The reply must contain exactly the lines below from the one with "51 (наш расчетный" down to the one with "ITU Advance Level", both included, and nothing more; please omit the pictures.

────

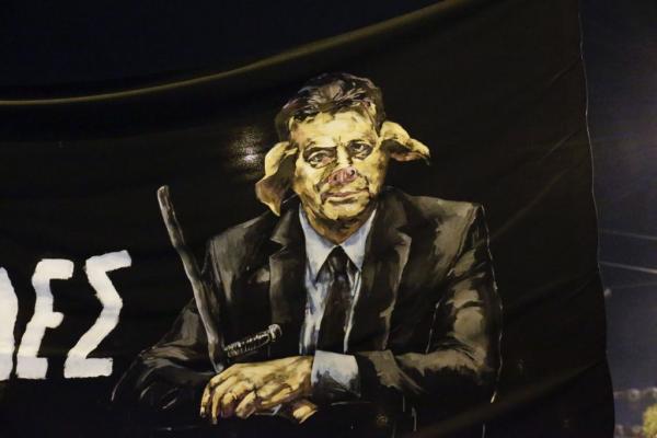 Κατά την πορεία για τη δολοφονία Γρηγορόπουλου, στη συμβολή των οδών Σταδίου και Κολοκοτρώνη, άγνωστοι έγραψαν σύνθημα κατά του υπουργού Προστασίας του Πολίτη, Μιχάλη Χρυσοχοϊδη
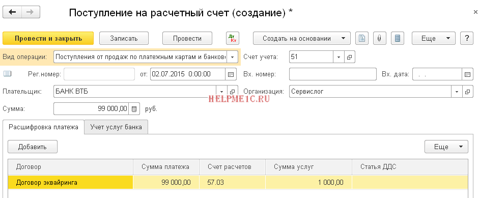51 (наш расчетный счет) 57.03 (переводы в пути) 99 000 (оплата за вычетом комиссии зачислена на наш счет)
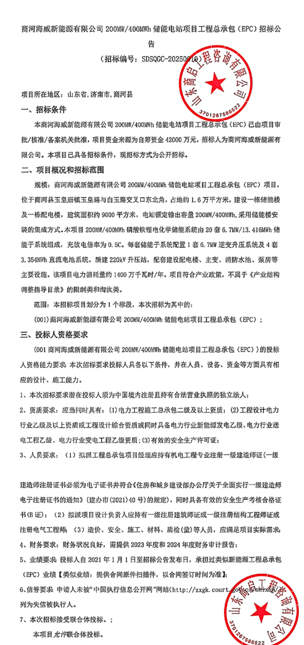 10月23日,商河海威新能源有限公司200MW/400MWh储能电站项目工程总承包(EPC)招标公告发布。项目位于山东省济南市商河县,本项目200MW/400MWh磷酸铁锂电化学储能系统由20套6.7MW/13.416MWh储能子系统组成。每套储能子系统配置1套6.7MW逆变升压系统及4套3.354Mh 直流电池系统。新建 220kV升压站,配套建设配电楼、主变、消防水池、泵房等主要设施。该项目电力消耗量约1400万千瓦时/年。项目符合产业政策,不于《产业结构调整指导目录》的限制类和淘汰类。
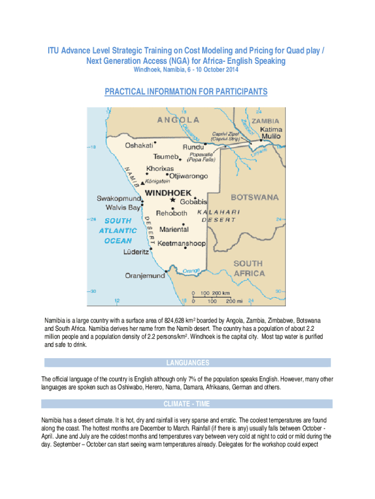 ITU Advance Level Strategic Training on Cost Modeling and Pricing for Quad play / Next Generation Access (NGA) for Africa English-speaking Windhoek, Namibia, 6 10 October 2014PRACTICAL INFORMATION
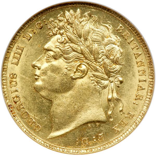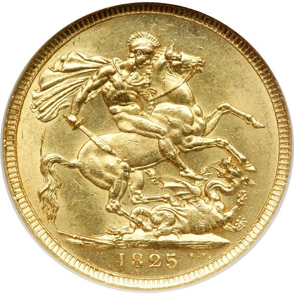 Great Britain. Sovereign, 1825. S.3800; Fr-376; KM-682. George IV, 1820-1830. Laureate head left. Reverse: St. George. Last year for this type, rare date and especially rare in top grade. NGC graded MS-62.

────

*Result of this task*.
51 (наш расчетный счет) 57.03 (переводы в пути) 99 000 (оплата за вычетом комиссии зачислена на наш счет)
 10月23日,商河海威新能源有限公司200MW/400MWh储能电站项目工程总承包(EPC)招标公告发布。项目位于山东省济南市商河县,本项目200MW/400MWh磷酸铁锂电化学储能系统由20套6.7MW/13.416MWh储能子系统组成。每套储能子系统配置1套6.7MW逆变升压系统及4套3.354Mh 直流电池系统。新建 220kV升压站,配套建设配电楼、主变、消防水池、泵房等主要设施。该项目电力消耗量约1400万千瓦时/年。项目符合产业政策,不于《产业结构调整指导目录》的限制类和淘汰类。
 ITU Advance Level Strategic Training on Cost Modeling and Pricing for Quad play / Next Generation Access (NGA) for Africa English-speaking Windhoek, Namibia, 6 10 October 2014PRACTICAL INFORMATION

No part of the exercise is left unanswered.